A New Formulation for Zeroth-Order Optimization of Adversarial EXEmples in Malware Detection
This addresses the challenge of functionality-preserving adversarial attacks for Windows malware detection, offering a more efficient and theoretically grounded approach.
The paper tackles the problem of adversarial EXEmples in malware detection by formulating it as a zeroth-order optimization framework, resulting in ZEXE, which improves evasion rates and reduces injected content size to less than one third compared to state-of-the-art methods.
Machine learning malware detectors are vulnerable to adversarial EXEmples, i.e. carefully-crafted Windows programs tailored to evade detection. Unlike other adversarial problems, attacks in this context must be functionality-preserving, a constraint which is challenging to address. As a consequence heuristic algorithms are typically used, that inject new content, either randomly-picked or harvested from legitimate programs. In this paper, we show how learning malware detectors can be cast within a zeroth-order optimization framework which allows to incorporate functionality-preserving manipulations.
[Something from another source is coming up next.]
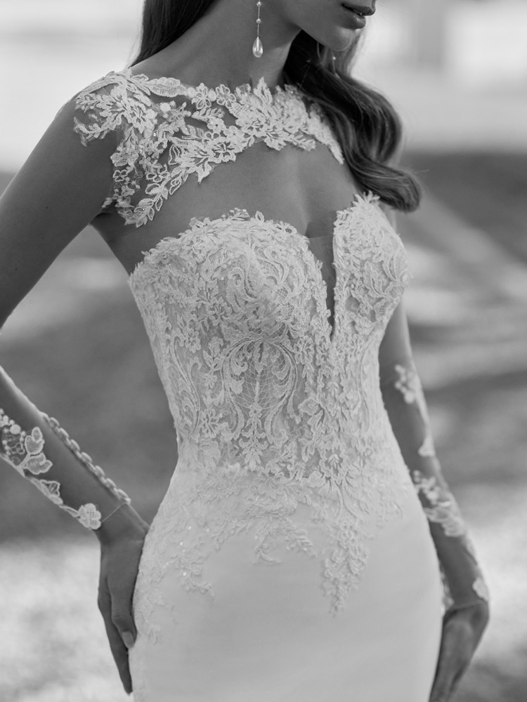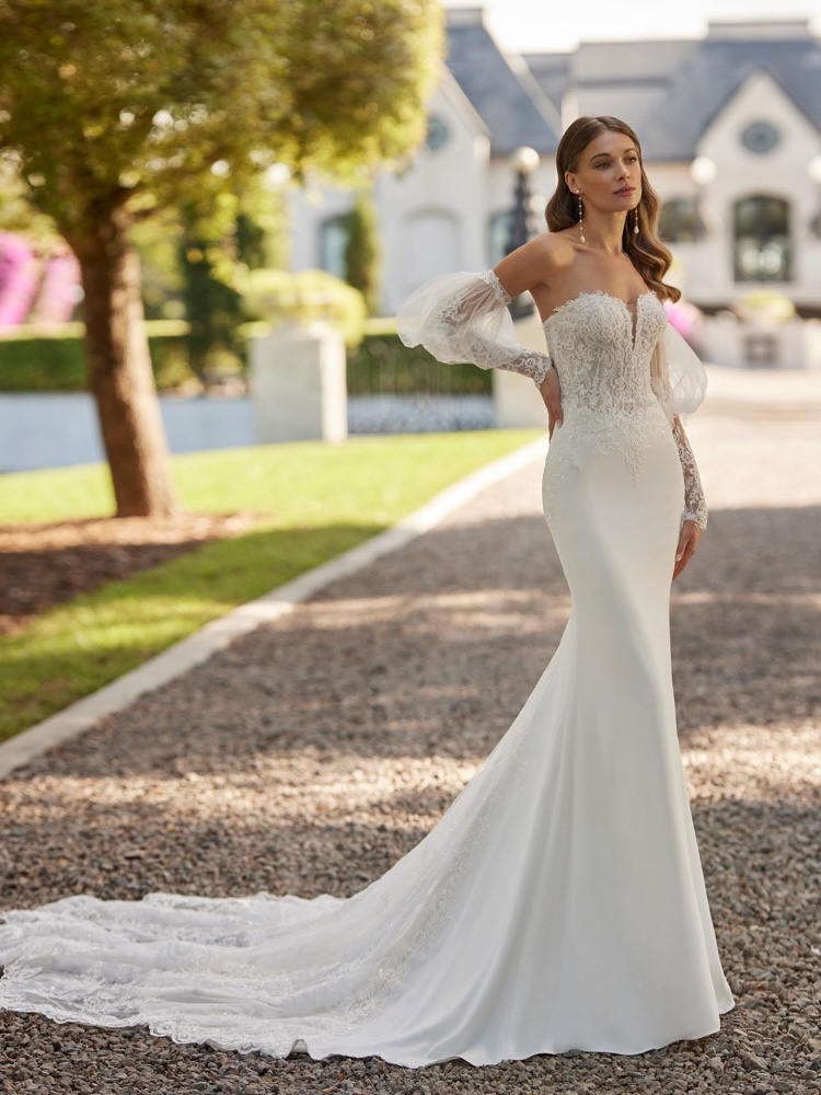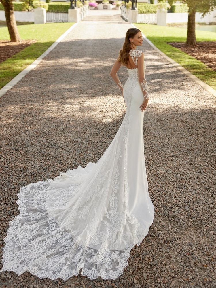Sweetheart neckline mermaid wedding dress in stretch crepe with a beautiful beaded floral lace bodice features cascading floral lace placements on the back down the extra long train. Pair it with a removable tattoo-effect long sleeve jacket to personalise your bridal look.

This permits the deployment of sound and efficient gradient-free optimization algorithms, which come with theoretical guarantees and allow for minimal hyper-parameters tuning. As a by-product, we propose and study ZEXE, a novel zero-order attack against Windows malware detection. Compared to state-of-the-art techniques, ZEXE provides drastic improvement in the evasion rate, while reducing to less than one third the size of the injected content.